Caso Plusvalenze: il Pescara deferito

Alla società biancazzurra è stato comunicato il provvedimento dalla Procura Federale. Ora inizia il countdown verso il processo di primo grado. A difendere il club l'avvocato Tortorella

Il Pescara deferito per il "caso plusvalenze": inizia il conto alla rovescia verso il dibattimento in aula di primo grado. La motivazione del deferimento? Per avere contabilizzato nelle Relazioni finanziarie plusvalenze e diritti alle prestazioni dei calciatori per valori eccedenti quelli consentiti dai principi contabili in misura tale da incidere significativamente, per alcune delle predette Società, sui requisiti federali per il rilascio della Licenza Nazionale, violando in tal modo anche l'art. 31 comma 2 del Codice di Giustizia Sportiva. Le stesse Società sono state deferite a titolo di responsabilità diretta, ai sensi dell'art. art. 6, comma 1, del Codice di Giustizia Sportiva, per gli atti e comportamenti posti in essere da propri soggetti apicali dotati di potere di rappresentanza e per responsabilità oggettiva, ai sensi dell'art. art. 6, comma 2, del Codice di Giustizia Sportiva, per gli atti e comportamenti posti in essere da soggetti apicali non dotati di poteri di rappresentanza. Con le predette società sono state deferite anche 61 persone fisiche che a vario titolo hanno ricoperto l'incarico di consigliere di amministrazione o di dirigente dotato dei poteri di rappresentanza

La società biancazzurra indagata e accusata di aver violato due commi dell’articolo 31: il comma 1 e il temutissimo comma 2. Cosa rischia il club?

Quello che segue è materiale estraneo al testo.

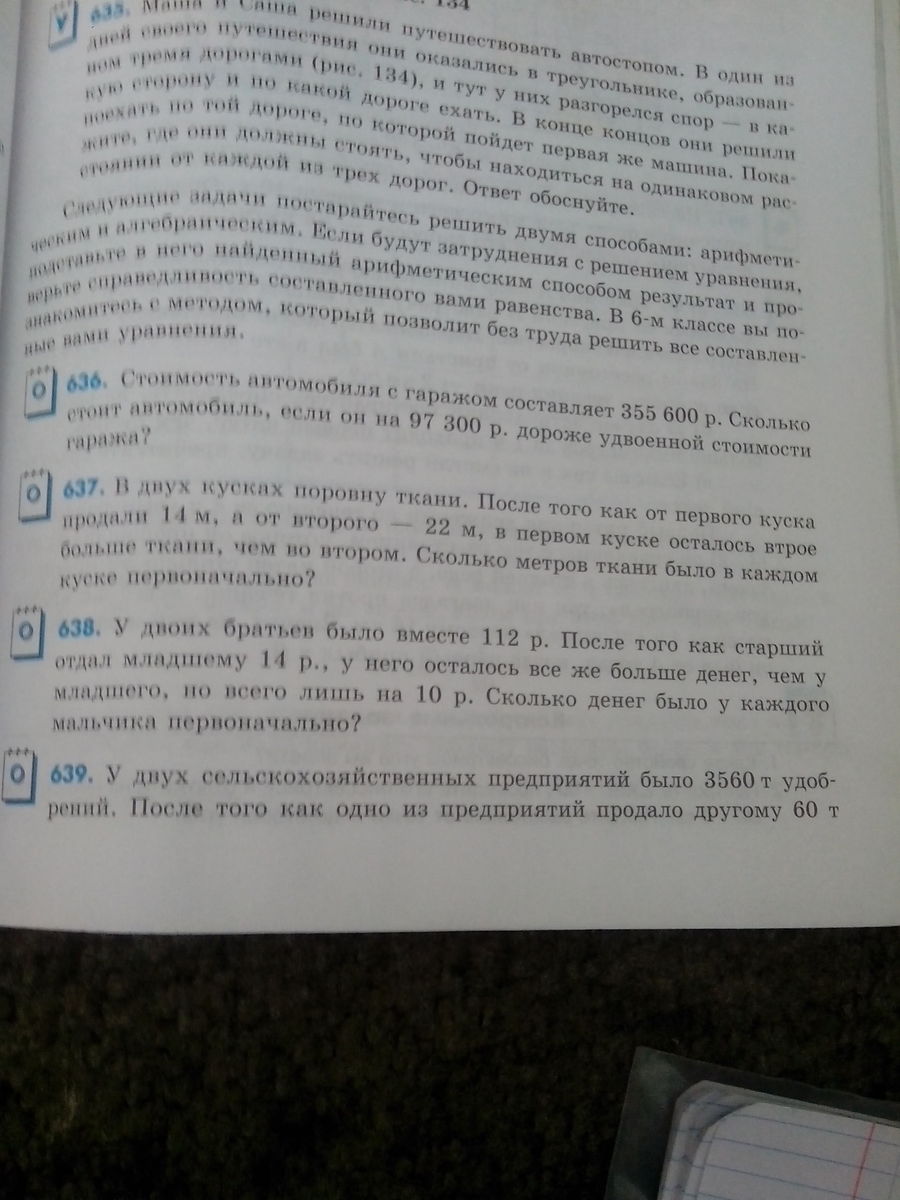638) x - старший брат (112-x) - младший брат составим уравнение: x-14=(112-x)+10 x-14=112-x+10 x+x=112+10+14 2x=136 x=68 (руб) у старшего 2)112-68=44 ( руб) - у младшего Ответ: 68руб ; 44руб

Se venisse dimostrata la colpevolezza della società, potrebbe scattare una penalizzazione fino a 15 punti in classifica, o addirittura l’esclusione dal campionato di competenza. La società, che continua a dichiararsi tranquilla, sarà difesa dall'avvocato Flavia Tortorella.

La nota del club

“La Delfino Pescara 1936 Spa comunica di avere ricevuto in data odierna dalla Procura Federale l’atto di deferimento relativo all’indagine sulle c.d. “Plusvalenze”. La società è certa di poter chiarire nelle sedi opportune ogni aspetto di interesse, sicura di aver sempre operato nel rispetto delle leggi statali e delle normative federali che disciplinano gli ambiti gestionali ed economici, nonché in conformità con le disposizioni regolamentari in materia di tesseramento e trasferimento dei calciatori”.